Nature, extent and treatment of opposition in Communist China

 

The Hundred Flowers Campaign (1957) and Anti-Rightist movement

 

  • Called on members to debate issues facing China
  • Initially minor attacks progressed to attacks on Mao
  • Those who spoke out were considered ‘rightists’ and were imprisoned in Anti-Rightist Movement (1957)  = Mao launched, Deng Xiaoping led
  • Half a million people labelled “rightists” committed suicide, executed, re-education
    • Zhou Enlai forced to confess his responsibility for slowing reform to the party, Strengthened his position
  • Historians views:
    • Revisionist, Jung Chang: deliberate trick by Mao so he could root out the enemies
    • Lei Feignon: Mao wanted the inefficiencies of bureaucracy to be publicly identified
    • Jonathan Spence: result of confusion within the party (industrial and agricultural reform)

Tibetan Uprising (1959)

 

  • First PLA invasion of Tibet (1950) → Millions faced starvation, suppressed and arrested

 

    • Tibetans banned from mentioning the Dalai Lama in public → had to flee to Northern India, religious practices were banned
    • CCP encouraged Chinese settlement in Tibet
    • The Panchen Lama issued a report in 1962
      • 20% of the Tibetan population had been imprisoned
        • 50% of them died in prison

Cultural revolution

  • Purge of Wu Han – playwright critical of Mao (1965) suicide in 1969
  • Struggles within the CCP
  • Gang of Four ⇒ grew in prominence, e.g. Jiang Qing
  • Launched assault on Liu and Deng = targeted counter-revolutionaries (Liu was publicly beaten)
  • Central Cultural Revolution Group in May 1966 served to purge any “capitalist” – it was part of the Politburo

 

The ‘cleansing the class ranks’ Campaign (1968 – 1971)

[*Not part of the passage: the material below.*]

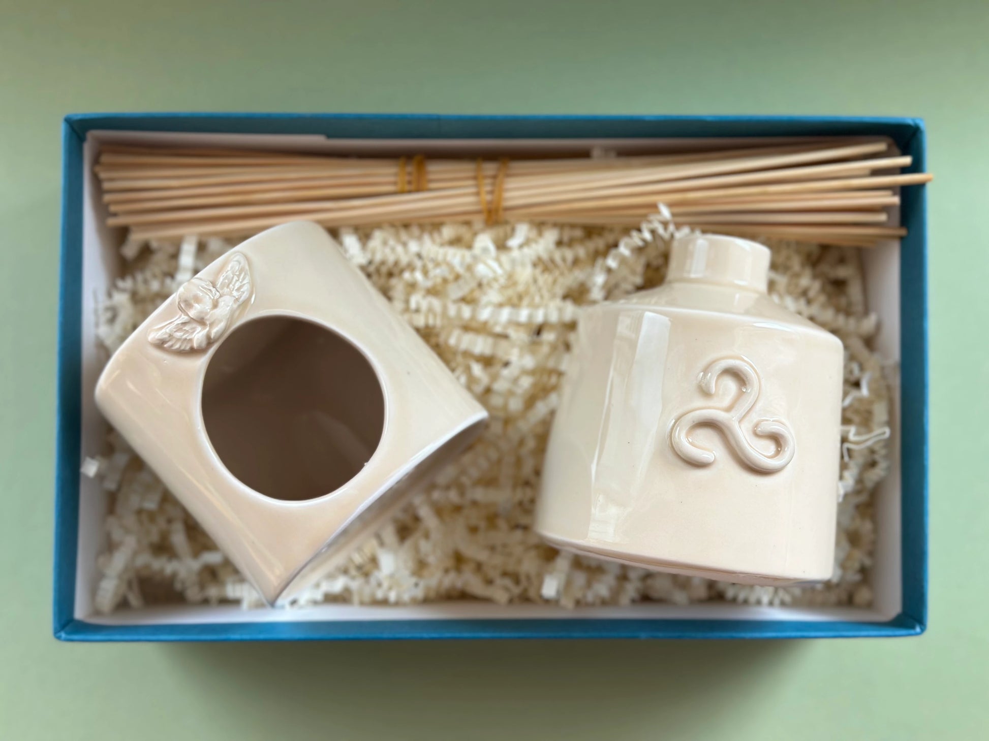 Triskelion & Melek Sembolü El Yapımı Seramik Oda Kokusu Şişesi ve Buhardanlık Seti

  • PLA squads replacing the Red Guards → more violent in persecution of “counter-revolutionaries”
    • Eradicated ALL signs of capitalism
      • Inner Mongolia: 22,900 killed + 120,000 maimed
      • Beijing: 3,731 people killed → classified as “suicides”
      • Zhejiang: 100,000 arrested and “struggled against” → 9198 died from treatment

Relationship with Lin Biao

  • Head of PLA. April 1967 portrayed as ‘most loyal supporter’ and best successor to Mao.

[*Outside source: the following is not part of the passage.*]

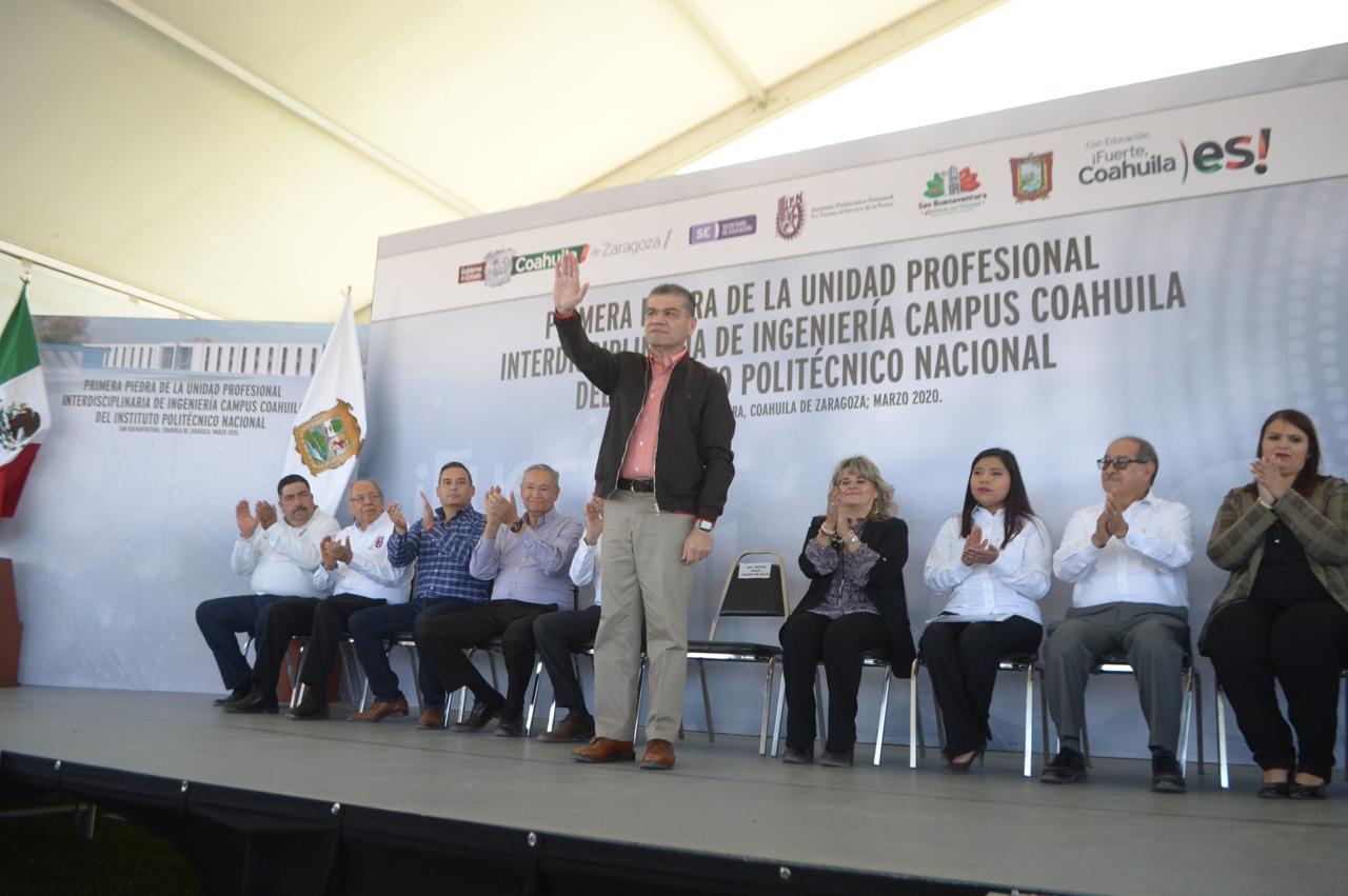 Agradeció el apoyo del Director del Politécnico Nacional, Rodríguez Casas, porque ha depositado la confianza en Coahuila y la Región Centro-Desierto, con una unidad educativa de nivel profesional de gran renombre, que contará con especialidades que demandan dentro de la Tecnología 4.0.

  • Mao increasingly suspicious of him ⇒ 1968 differences of opinion between Mao and Lin developed over the purge of party members.

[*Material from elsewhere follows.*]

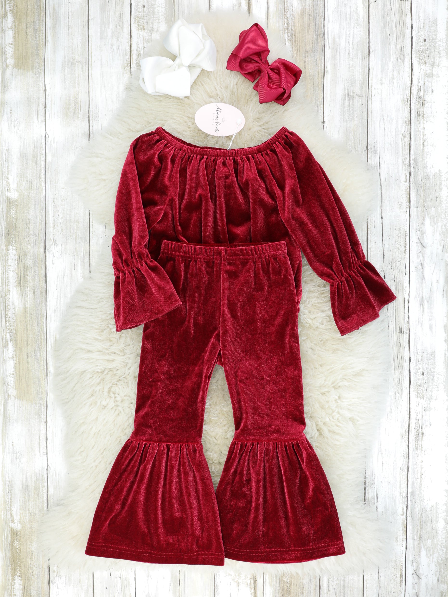 Ruby Red Velvet Top & Bell Bottoms Outfit

  • 1970 – removing Lin’s position.

  • Mao used three tactics to weaken Lin’s position

 

  1. ‘Throwing a stone’, purge of Ch’en Po-ta as an admonition to Lin
  2. ‘Mixing gravel with mud’, infiltrating the Military Affairs Committee with own men to spy on Lin
  3. ‘Digging the cornerstone’, reorganizing the Military Region in Jan 1971, undermine Lins power base.